Наступило утро.
Али-Баба и два разбойника мирно похрапывали на своих постелях.
Трошкин вытащил из-под подушки честно сворованные деньги, вышел из номера и заковылял вниз по лестнице.
– Товарищ марафонец, – обратилась к нему дежурная, – вас просили позвонить по этому телефону. – Она протянула ему записку.
– Ну где же он? – нетерпеливо спрашивал профессор Мальцев Славина, бегая по кабинету новокасимской милиции. – Может, они его убили?… – В восемь тридцать вышел из гостиницы, в девять ноль-ноль приобрел в универмаге четыре тренировочных костюма. В девять пятнадцать переоделся в общественном туалете. В данный момент очень медленной скоростью направляется к нам…

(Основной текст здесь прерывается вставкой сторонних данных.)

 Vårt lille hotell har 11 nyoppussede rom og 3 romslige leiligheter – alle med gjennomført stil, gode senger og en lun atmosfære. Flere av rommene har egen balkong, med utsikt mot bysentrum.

Хмырь нервно шагал по номеру из угла в угол.
– За шмотками, говоришь, пошел? – сердито спросил он, останавливаясь перед лежащим в постели Косым.
– Ага, – зевнул Косой. – Жрать охота, – пожаловался он.

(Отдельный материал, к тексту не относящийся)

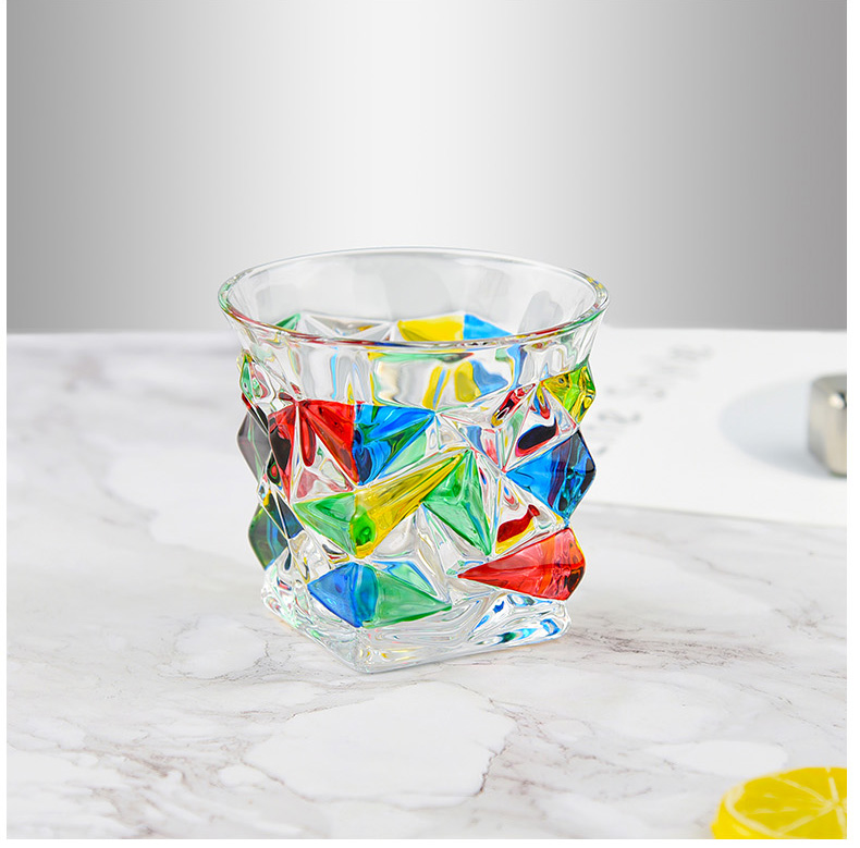 Home Hospitality Supplies Dinnerware Cup Wuhan Xinhuahang Household Goods Co., Ltd. 300ml 10 Ounce Lead Free Hand Painted Spirit Bourbon Cocktail Colored Glass Whiskey Cup with Decanter

– Да? – Хмырь снова забегал по комнате. – А если он вовсе ушел? А если он вовсе не вернется, а?
За окном послышалась далекая трель милицейского свистка, Хмырь вздрогнул, на цыпочках подбежав к своей кровати, юркнул под одеяло.

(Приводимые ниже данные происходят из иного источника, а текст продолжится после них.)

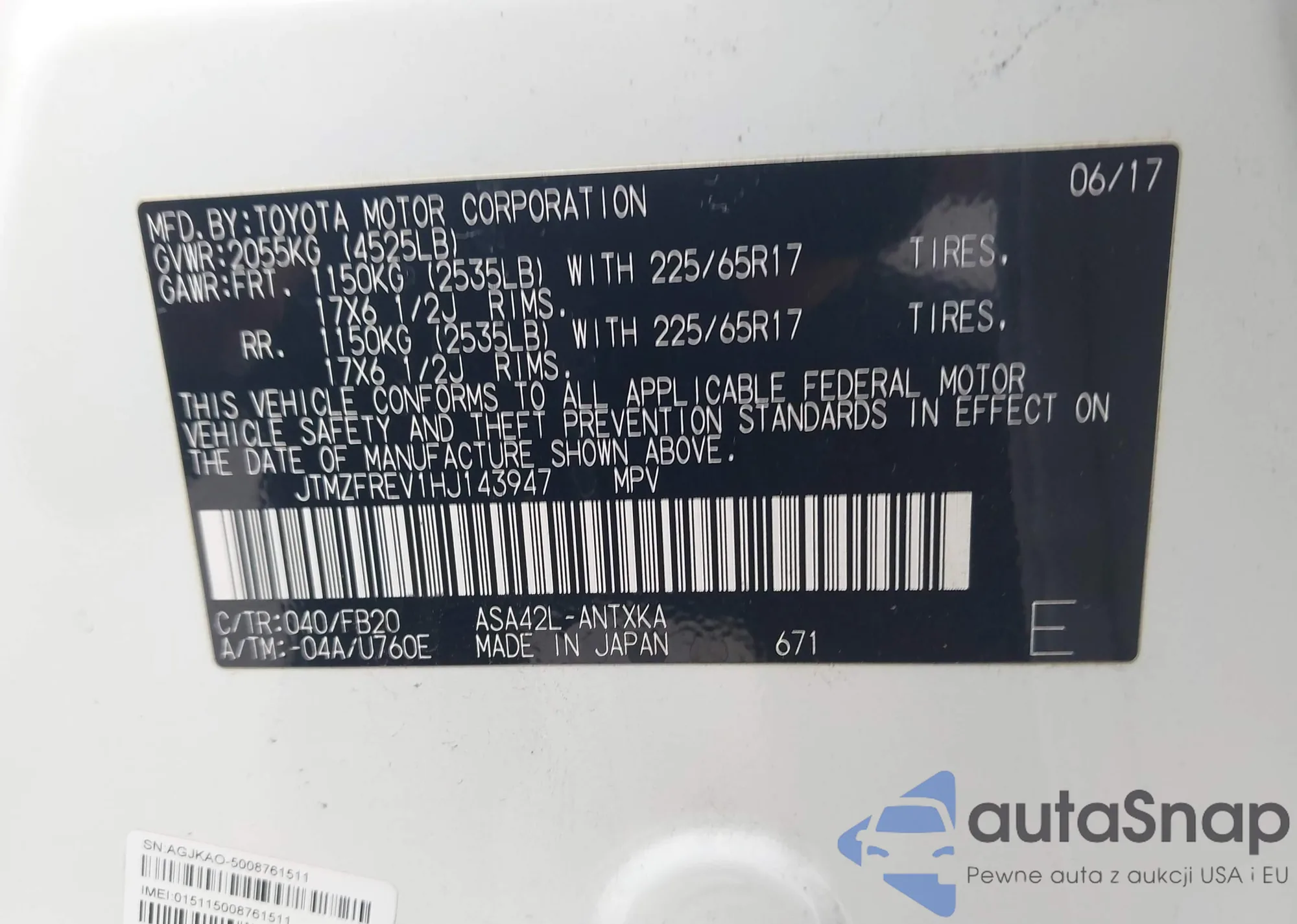 LOT: 43997243 VIN: JTMZFREV1HJ143947

– Ай-ай-ай! – вдруг зацокал языком на своей кровати Али-Баба. – Тьфу!
– Что плюешься, Вася? – спросил Косой.
– Шакал я паршивый! У детей деньги отнял, детский сад ограбил!
– Ишь какой культурный нашелся, – сказал Косой. – А когда ты у себя там на колонке бензин ослиной мочой разбавлял, не был паршивым?
– То бензин, а то дети! – Али-Баба вздохнул, встал и пошел.
– Ты куда, Вася? – забеспокоился Косой.
– В тюрьму. – Али-Баба снова вздохнул и вышел из номера.
– Продаст! Век воли не видать, продаст! – сообщил из-под одеяла Хмырь.
Косой спрыгнул с кровати, подбежал к двери и высунулся в коридор.
– Вась, а Вась! – тихонько позвал он удаляющегося по ковровой дорожке дезертира.
– Ну что? – Али-Баба нехотя остановился.
– У тебя какой срок был?
– Год. И три за побег… Четыре, а что?
– А теперь еще шесть дадут! – ласково пообещал Косой. – Статья 89, кража со взломом. Иди-иди, Вася!…
Али-Баба подумал, подумал… Потом горестно поцокал языком и пошел обратно в номер.
Отворилась дверь, и в кабинет, прихрамывая, вошел Трошкин. Он был небритый и усталый, под глазами лежали глубокие тени, синий тренировочный костюм был ему тесен.
Мальцев посмотрел на вошедшего, шагнул к нему, порывисто обнял:
– Евгений Иваныч, родной, а я думал, вас нет в живых.
– Ну, чего там… – Трошкин похлопал профессора по спине.
Славин тоже пожал руку Трошкину.
– Простите, Николай Георгиевич, – сказал он Мальцеву. – Времени у нас в обрез. Садитесь, Евгений Иваныч!
– Не хочу, – отказался Трошкин.
– Вот! – Лейтенант протянул Трошкину ведомость. – Распишитесь: деньги на четверых, суточные и квартирные. Одежда, – он показал на стул, где лежали пальто, сапоги, ушанки. Сверху лежала профессорская дубленка.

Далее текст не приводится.